Exercise prompt —
Your response to the data below should hold nothing except the lines from the one containing "Bohemian White Lace" down to the one containing "outdoors with others.", reproduced exactly and without pictures.

Source information —
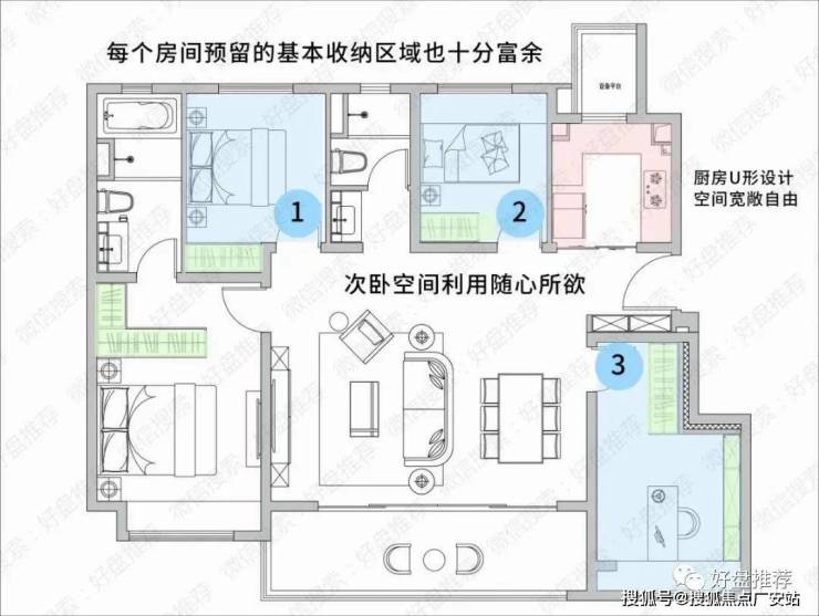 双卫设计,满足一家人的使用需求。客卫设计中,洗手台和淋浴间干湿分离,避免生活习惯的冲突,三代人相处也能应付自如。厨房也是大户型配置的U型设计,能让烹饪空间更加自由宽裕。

...

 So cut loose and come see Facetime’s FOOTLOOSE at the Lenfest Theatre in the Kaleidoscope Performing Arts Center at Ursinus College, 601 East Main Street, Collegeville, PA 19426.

==

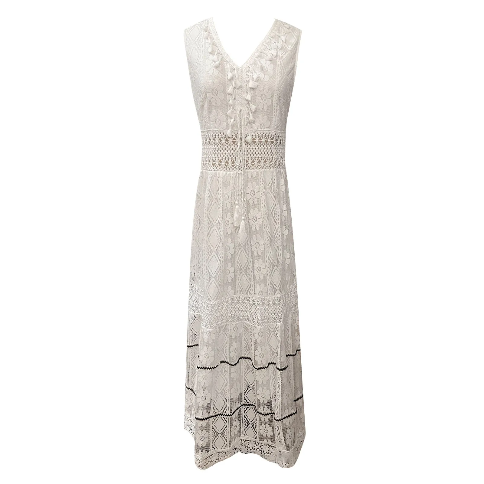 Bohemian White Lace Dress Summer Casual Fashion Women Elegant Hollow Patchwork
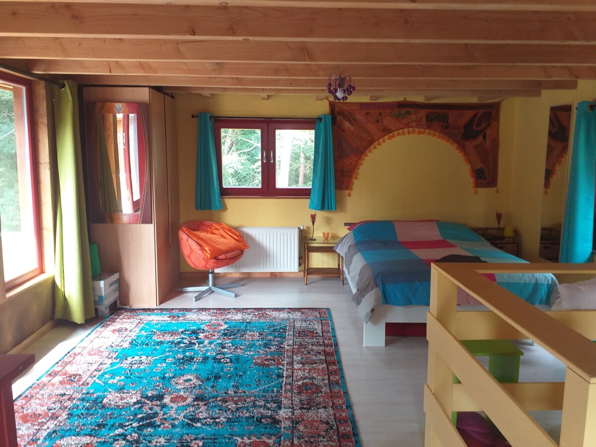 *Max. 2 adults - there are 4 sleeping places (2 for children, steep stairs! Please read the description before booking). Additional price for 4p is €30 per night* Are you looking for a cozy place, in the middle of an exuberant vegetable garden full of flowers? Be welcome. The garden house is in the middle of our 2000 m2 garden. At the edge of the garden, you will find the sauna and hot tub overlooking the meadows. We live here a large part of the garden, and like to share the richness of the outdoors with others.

Expected output —
 Bohemian White Lace Dress Summer Casual Fashion Women Elegant Hollow Patchwork
 *Max. 2 adults - there are 4 sleeping places (2 for children, steep stairs! Please read the description before booking). Additional price for 4p is €30 per night* Are you looking for a cozy place, in the middle of an exuberant vegetable garden full of flowers? Be welcome. The garden house is in the middle of our 2000 m2 garden. At the edge of the garden, you will find the sauna and hot tub overlooking the meadows. We live here a large part of the garden, and like to share the richness of the outdoors with others.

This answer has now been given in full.